Melkziekte, door vroege negentiende-eeuwse Amerikaanse pioniers meestal melkziekte genoemd, duidt op wat we nu weten als vergiftiging door melk van koeien die ofwel de witte snakeroot ofwel de rayless guldenroede planten hebben gegeten. De witte guldenroede, die veel voorkomt in het Midwesten en het hoge zuiden, is een lid van de Compositae, Eupatorium urticaefolium genaamd. Hij is ook bekend onder de namen witte kaardebol, squaw weed, snake weed, pool wort, en deer wort. Deze schaduwminnende plant groeit vaak langs de kant van de weg, op vochtige open plekken in het bos, of aan de schaduwrijke noordkant van heuvelruggen. De straalloze guldenroede, Haplopappus heterophyllus, is de veroorzaker van de ziekte in zuidwestelijke staten, zoals Arizona en New Mexico.

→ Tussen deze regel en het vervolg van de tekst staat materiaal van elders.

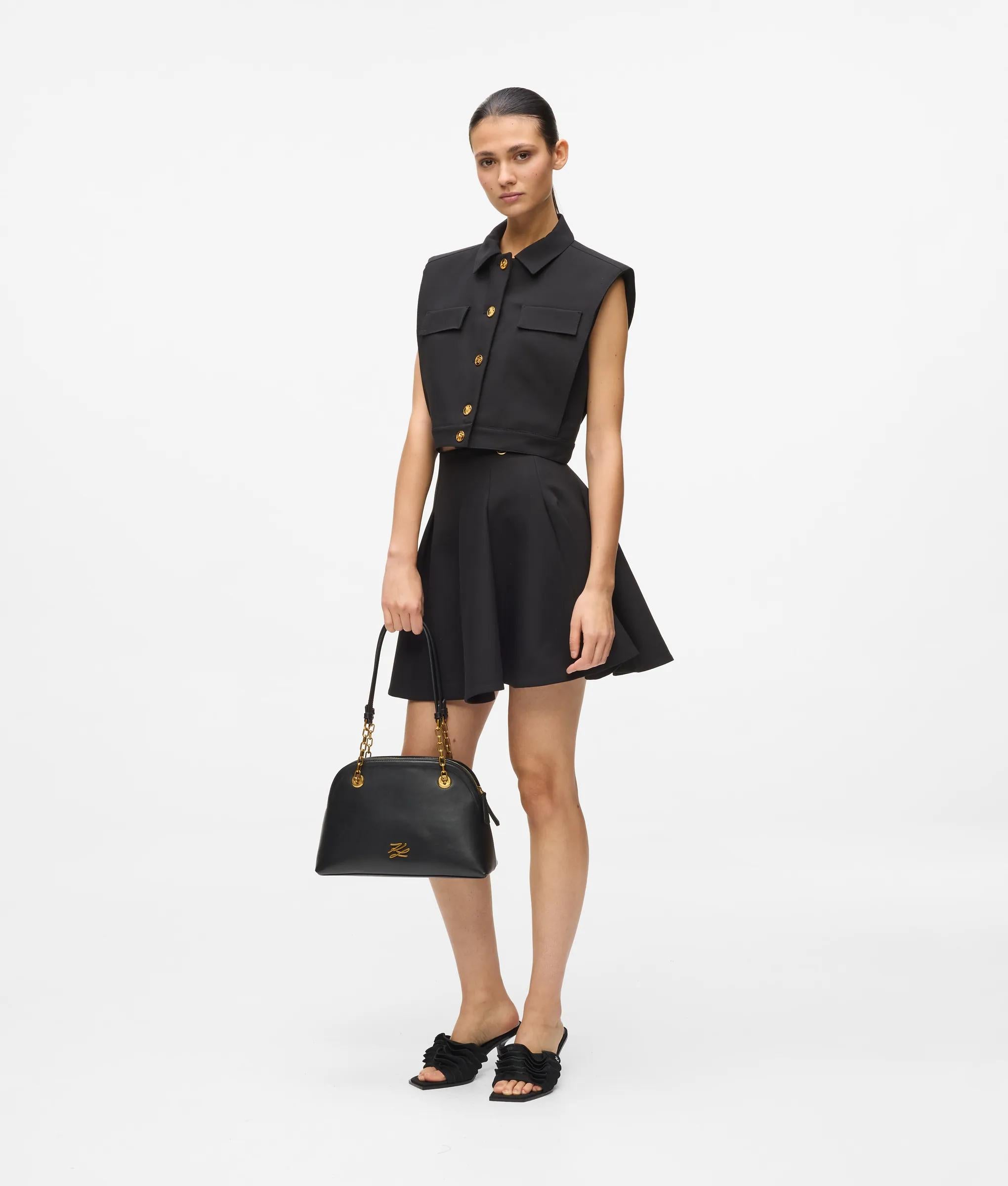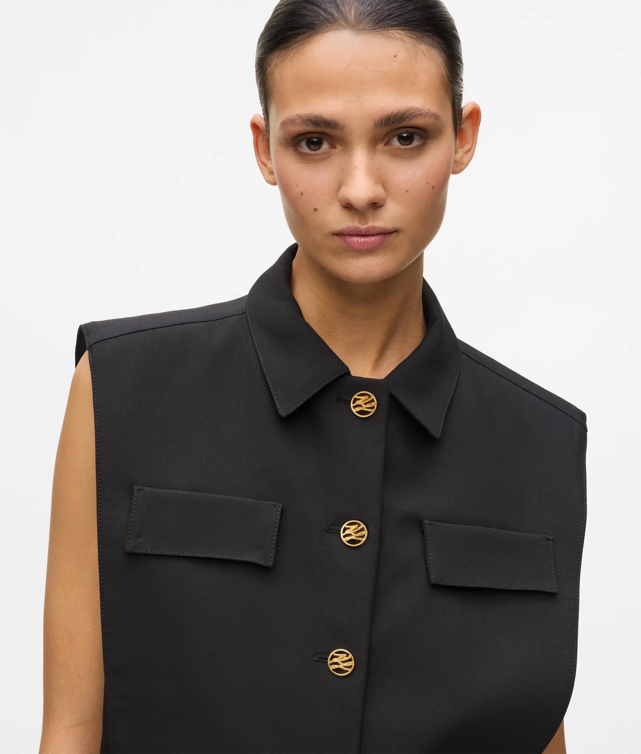 Llamativo y cuadrado, este chaleco corto aporta personalidad a un estilo sastre para lucir en climas cálidos. Combínelo con la minifalda acampanada a juego y cree un elegante conjunto de dos piezas para los soleados días de verano.

Melkziekte wordt ook wel alkali vergiftiging, kotsziekte, zieke maag, sloomheid of sloes, stijve gewrichten, moerasziekte, banden, en trillen (als het bij dieren voorkomt) genoemd. Het staat nu bekend als tremetolvergiftiging, naar een geïdentificeerd giftig bestanddeel van de witte snakeroot en de straalloze guldenroede. Tremetol, verkregen uit de bladeren en stengels van deze planten door extractie met ether, is een onverzadigde alcohol met de empirische formule C16H22O3. In consistentie en geur lijkt het op terpentijn.
Distributie en Incidentie
Melkziekte was onbekend in Europa of in enig ander gebied van de wereld behalve Noord-Amerika. De ziekte kwam al voor tijdens de Amerikaanse Revolutie in North Carolina bij een bergkam met de naam Milk Sick. De ziekte kwam het meest voor in droge jaren, wanneer de koeien van hun bruine weiden naar de bossen trokken op zoek naar voedsel. Naarmate meer bossen werden gerooid zodat het vee over meer geschikte weidegronden kon beschikken, en naarmate hekken werden gebouwd, nam het aantal gevallen van melkziekte snel af.